> What you are asked to do: No pictures go in the copy. Restate, word for word, each line from the one containing "Pete Townshend |" through the last line below.

> The input:

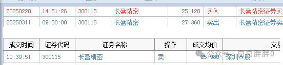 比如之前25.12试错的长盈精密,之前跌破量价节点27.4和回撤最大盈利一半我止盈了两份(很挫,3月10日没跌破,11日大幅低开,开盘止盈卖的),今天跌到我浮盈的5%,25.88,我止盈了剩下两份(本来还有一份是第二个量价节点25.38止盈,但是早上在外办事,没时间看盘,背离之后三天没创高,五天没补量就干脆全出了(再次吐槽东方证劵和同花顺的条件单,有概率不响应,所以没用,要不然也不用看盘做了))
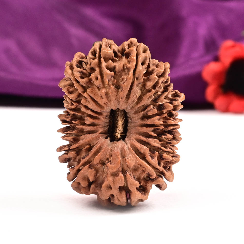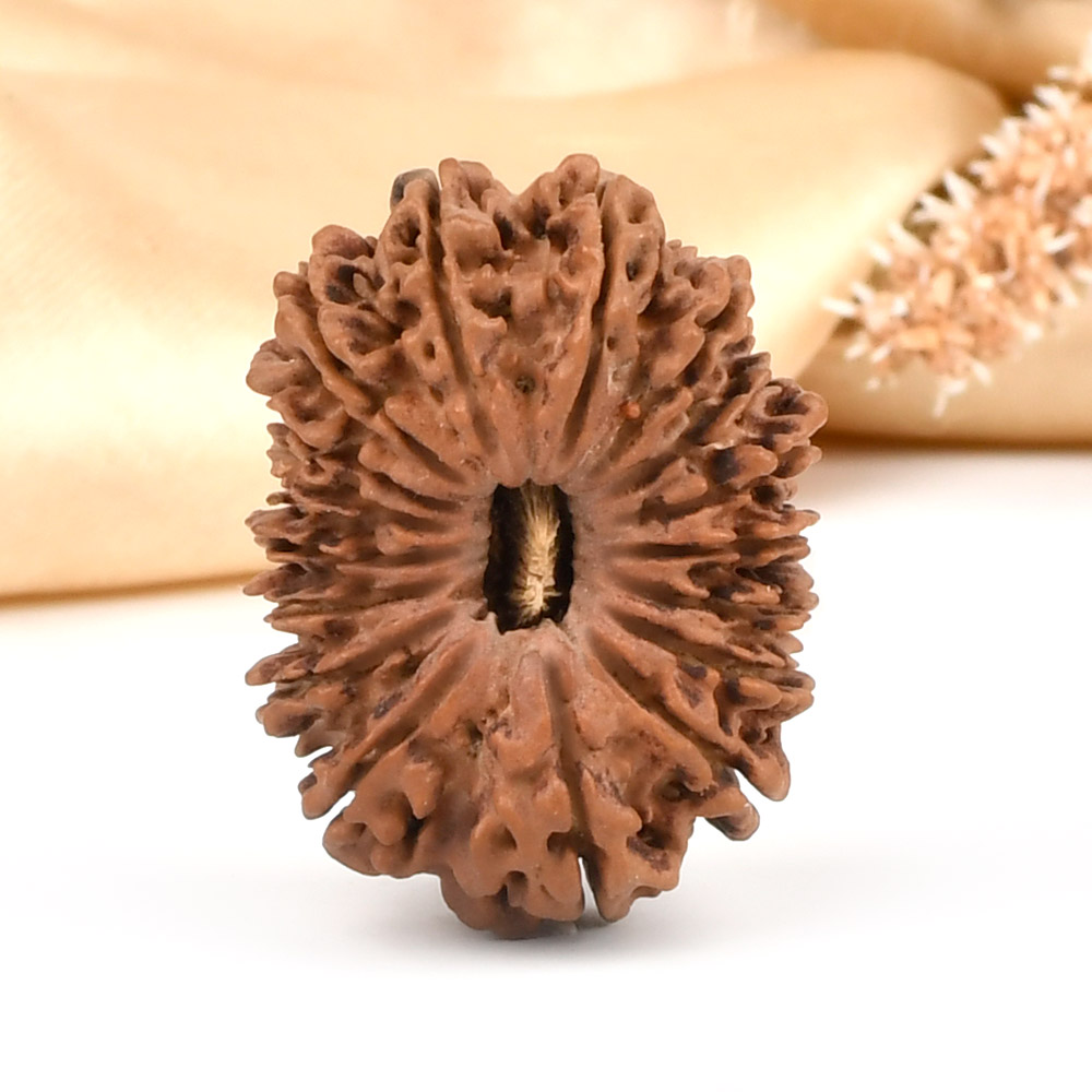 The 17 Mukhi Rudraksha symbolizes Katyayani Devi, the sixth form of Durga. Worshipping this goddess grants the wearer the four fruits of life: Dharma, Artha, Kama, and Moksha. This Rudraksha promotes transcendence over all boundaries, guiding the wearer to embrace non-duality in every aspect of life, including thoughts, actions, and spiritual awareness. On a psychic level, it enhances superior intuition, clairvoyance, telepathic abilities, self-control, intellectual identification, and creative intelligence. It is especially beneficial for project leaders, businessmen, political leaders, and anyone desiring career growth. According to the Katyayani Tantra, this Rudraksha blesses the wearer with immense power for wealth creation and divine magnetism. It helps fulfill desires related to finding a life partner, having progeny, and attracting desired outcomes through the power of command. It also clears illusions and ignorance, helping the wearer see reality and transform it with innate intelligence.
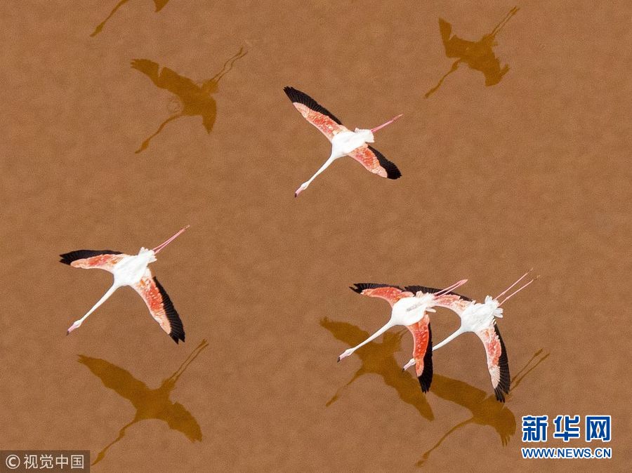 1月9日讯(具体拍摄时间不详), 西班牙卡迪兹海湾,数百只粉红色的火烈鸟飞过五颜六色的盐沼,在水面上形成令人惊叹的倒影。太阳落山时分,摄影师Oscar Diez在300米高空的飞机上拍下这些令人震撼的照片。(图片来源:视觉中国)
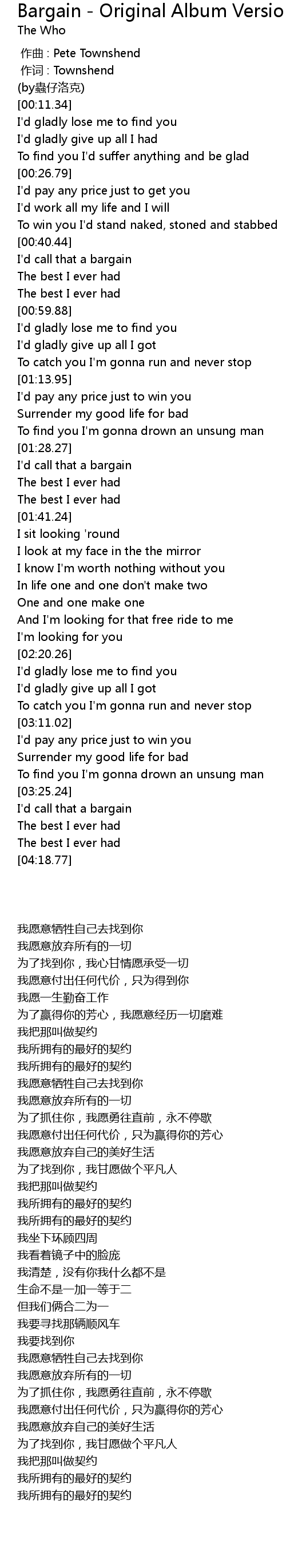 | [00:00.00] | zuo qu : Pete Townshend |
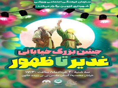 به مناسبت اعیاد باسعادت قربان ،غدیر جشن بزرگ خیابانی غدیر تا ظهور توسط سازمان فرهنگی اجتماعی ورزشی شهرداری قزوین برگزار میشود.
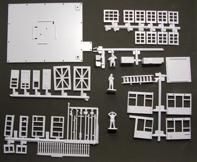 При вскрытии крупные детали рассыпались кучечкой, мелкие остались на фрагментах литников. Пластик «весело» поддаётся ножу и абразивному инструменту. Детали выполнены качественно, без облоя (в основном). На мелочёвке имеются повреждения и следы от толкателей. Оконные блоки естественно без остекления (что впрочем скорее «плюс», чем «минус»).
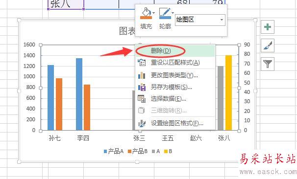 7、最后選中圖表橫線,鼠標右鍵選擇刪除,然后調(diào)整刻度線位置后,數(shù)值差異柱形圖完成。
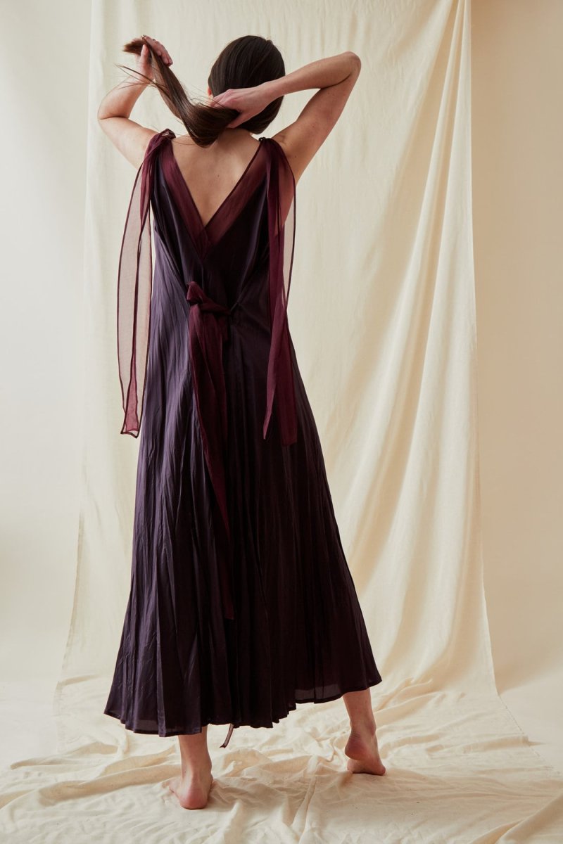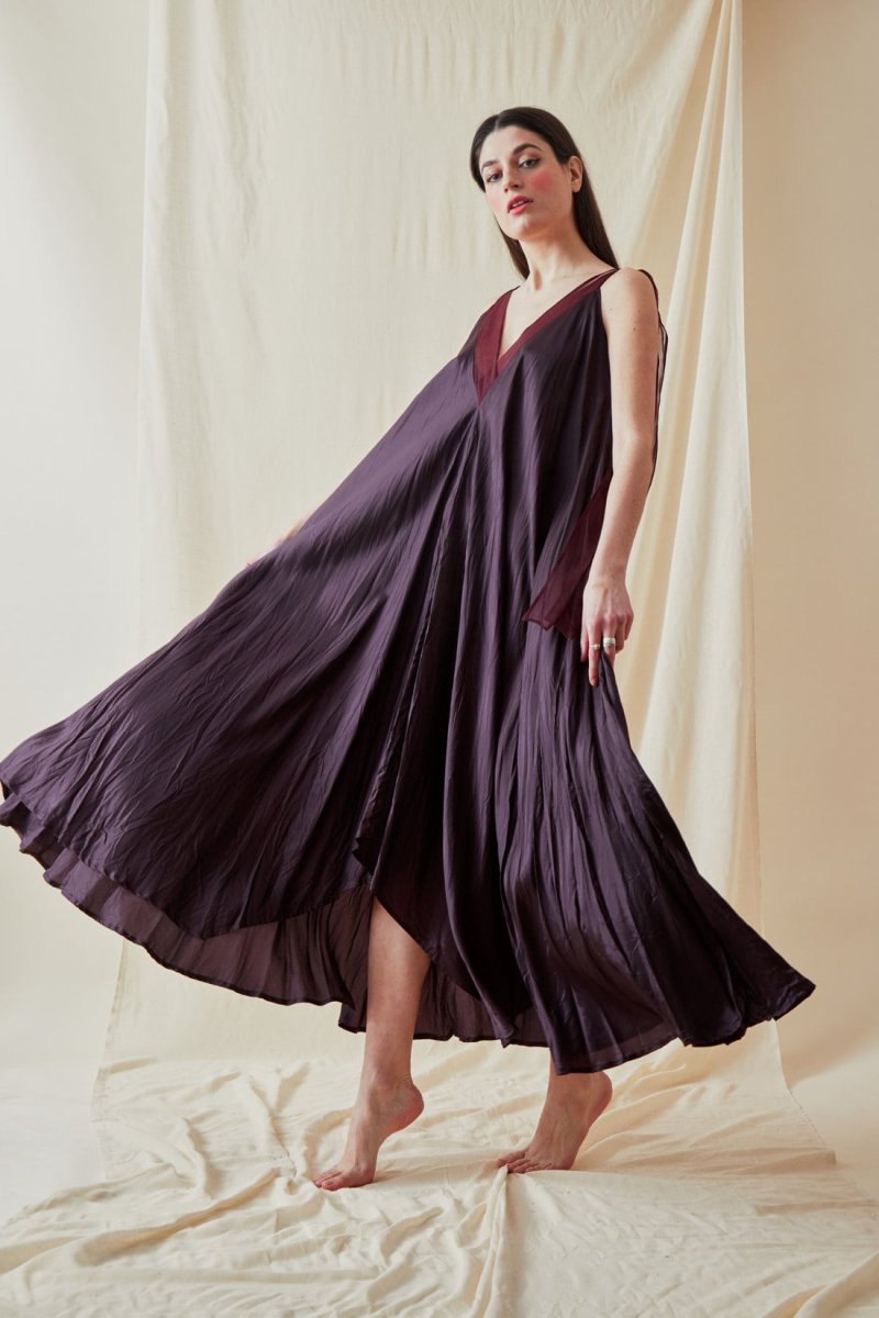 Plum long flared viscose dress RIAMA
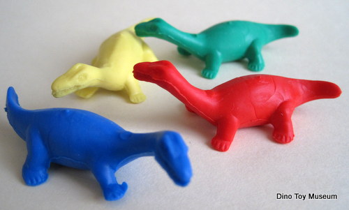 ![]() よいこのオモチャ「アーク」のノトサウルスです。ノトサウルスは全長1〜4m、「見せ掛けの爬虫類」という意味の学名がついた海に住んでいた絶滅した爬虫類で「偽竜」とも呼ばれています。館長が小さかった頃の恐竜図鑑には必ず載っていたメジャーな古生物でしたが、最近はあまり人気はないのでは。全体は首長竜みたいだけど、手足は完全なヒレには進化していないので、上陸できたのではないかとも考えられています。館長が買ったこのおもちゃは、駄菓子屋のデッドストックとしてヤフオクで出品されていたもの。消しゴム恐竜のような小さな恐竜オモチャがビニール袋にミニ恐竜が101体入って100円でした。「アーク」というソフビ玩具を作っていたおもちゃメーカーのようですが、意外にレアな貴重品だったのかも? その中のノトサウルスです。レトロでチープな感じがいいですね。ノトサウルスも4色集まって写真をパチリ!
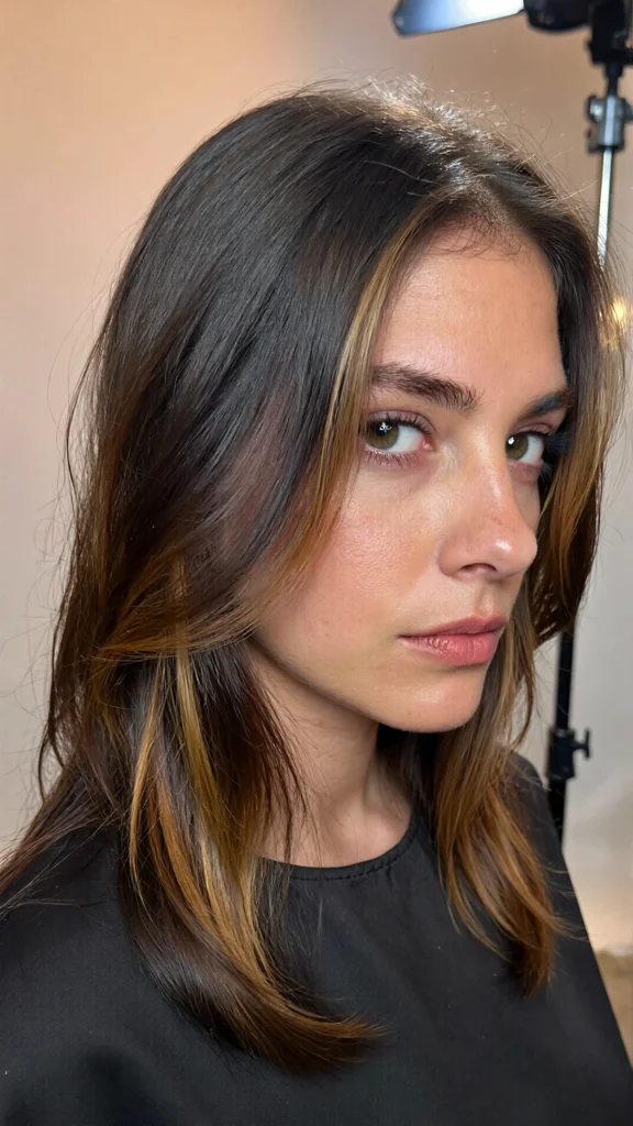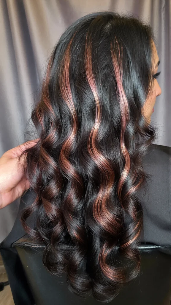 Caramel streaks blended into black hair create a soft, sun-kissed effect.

> Expected answer:
 | [00:00.00] | zuo qu : Pete Townshend |
 به مناسبت اعیاد باسعادت قربان ،غدیر جشن بزرگ خیابانی غدیر تا ظهور توسط سازمان فرهنگی اجتماعی ورزشی شهرداری قزوین برگزار میشود.
 При вскрытии крупные детали рассыпались кучечкой, мелкие остались на фрагментах литников. Пластик «весело» поддаётся ножу и абразивному инструменту. Детали выполнены качественно, без облоя (в основном). На мелочёвке имеются повреждения и следы от толкателей. Оконные блоки естественно без остекления (что впрочем скорее «плюс», чем «минус»).
 7、最后選中圖表橫線,鼠標右鍵選擇刪除,然后調(diào)整刻度線位置后,數(shù)值差異柱形圖完成。
 Plum long flared viscose dress RIAMA
 ![]() よいこのオモチャ「アーク」のノトサウルスです。ノトサウルスは全長1〜4m、「見せ掛けの爬虫類」という意味の学名がついた海に住んでいた絶滅した爬虫類で「偽竜」とも呼ばれています。館長が小さかった頃の恐竜図鑑には必ず載っていたメジャーな古生物でしたが、最近はあまり人気はないのでは。全体は首長竜みたいだけど、手足は完全なヒレには進化していないので、上陸できたのではないかとも考えられています。館長が買ったこのおもちゃは、駄菓子屋のデッドストックとしてヤフオクで出品されていたもの。消しゴム恐竜のような小さな恐竜オモチャがビニール袋にミニ恐竜が101体入って100円でした。「アーク」というソフビ玩具を作っていたおもちゃメーカーのようですが、意外にレアな貴重品だったのかも? その中のノトサウルスです。レトロでチープな感じがいいですね。ノトサウルスも4色集まって写真をパチリ!
 Caramel streaks blended into black hair create a soft, sun-kissed effect.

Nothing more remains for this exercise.